"Making a film is
essentially about two things: belief and momentum" - Terry Gilliam
Terry Gilliam on set
Lost In La Mancha may be the first 'un-making of'
documentary. In a genre that exists to hype films before their release, Lost In
La Mancha presents an unexpected twist: it is the story of a film that does not
exist. Instead of a sanitised glimpse behind the scenes, Lost In La Mancha
offers a unique, in-depth look at the harsher realities of filmmaking. With
drama that ranges from personal conflicts to epic storms, this is a record of a
film disintegrating.
In September 2000, when the cameras began rolling on Terry Gilliam's adaptation
of Don Quixote, the production already had a chequered past including ten years
of development, a series of producers and two previous attempts to start the
film. Gilliam had achieved the difficult task of financing the $32 million
budget entirely within Europe - a feat that would provide him with freedom from
the creative restrictions of Hollywood. The uphill journey was not, however,
inconsistent with Gilliam's career: his more than fifteen year history of
battling the Hollywood machine had cast him, like Quixote, as a visionary
dreamer who rages against gigantic forces.
Joining the Madrid based production team eight weeks before the shoot, Lost In
La Mancha directors Keith Fulton and Louis Pepe witness the successes as well as
the failures. Problems are quick to emerge: the multilingual crew struggles to
communicate detailed ideas; actors remain absent as they run over schedule on
other projects; and everything from untrained horses to a sound stage - that
isn't sound-proof - threatens the film. But through it all, there is the
palpable, mounting excitement that Gilliam's ideas will finally come to
fruition: the crew watch test footage of marauding giants; puppeteers rehearse a
troop of life-size marionettes; Gilliam and Johnny Depp brainstorm over the
script. By the time Jean Rochefort straps on his Quixote armour, success, though
far off, seems almost possible.
Not long into production disaster strikes: flash floods destroy sets and damage
camera equipment; the lead actor falls seriously ill; and on the sixth day
production is brought to its knees. Uniquely, after Quixote's cameras have
stopped rolling, the documentary continues to record events as they unfold: the
crew waits, insurance men and bondsmen scramble with calculators and
interpretations of 'force majeure' and behind it Gilliam struggles to maintain
both belief and momentum in his project.
In the best tradition of documentary filmmaking, Lost In La Mancha captures all
the drama of this story through 'fly-on-the-wall' vérité footage and
on-the-spot interviews.
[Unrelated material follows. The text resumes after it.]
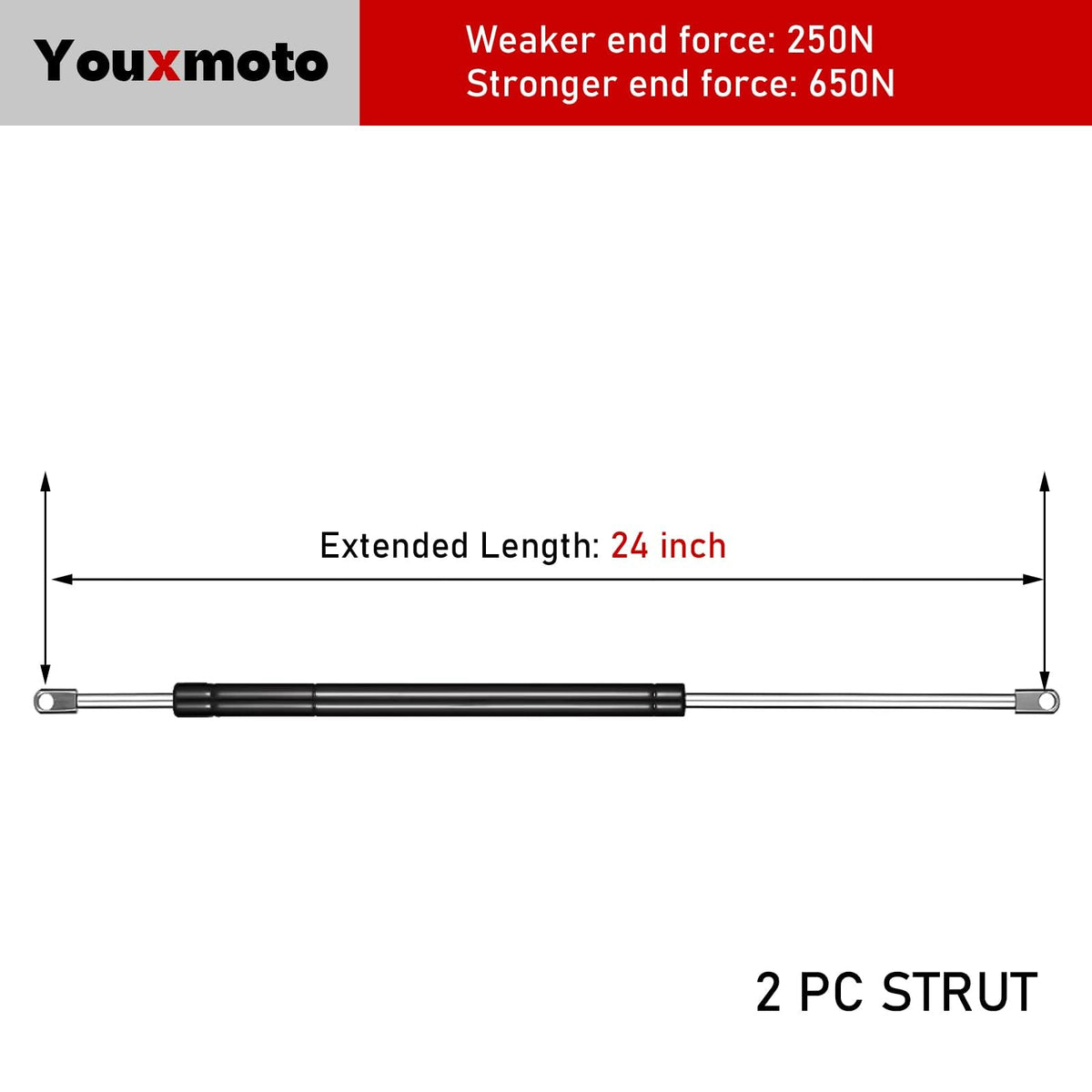 Force Of The Weaker End : 250N Force Of The Stronger End :675N Extended Length : 24In Product Usage Scenarios Fit For : The Best Design For Murphy Bed, Canibet Door, Floor Hatch, Heavy Duty Toolbox, Window, And So On. Package : 2 24 Inch Gas Struts 4 Ball Stud 4 Eyelet End 4 Ball Socket End

Gilliam's plans for the non-existent film come alive in
animations of his storyboards, narrated and voiced by co-writer Tony Grisoni and
Gilliam himself. And with the camera tests of the leading actors and the rushes
from the only six days of photography, Lost In La Mancha offers a tantalizing
glimpse of the cinematic spectacle that might have been.
Lost In La Mancha is less a process piece about filmmakers at work and more a
powerful drama about the inherent fragility of the creative process - a
compelling study of how, even with an abundance of the best will and passion,
the artistic endeavor can remain an impossible dream.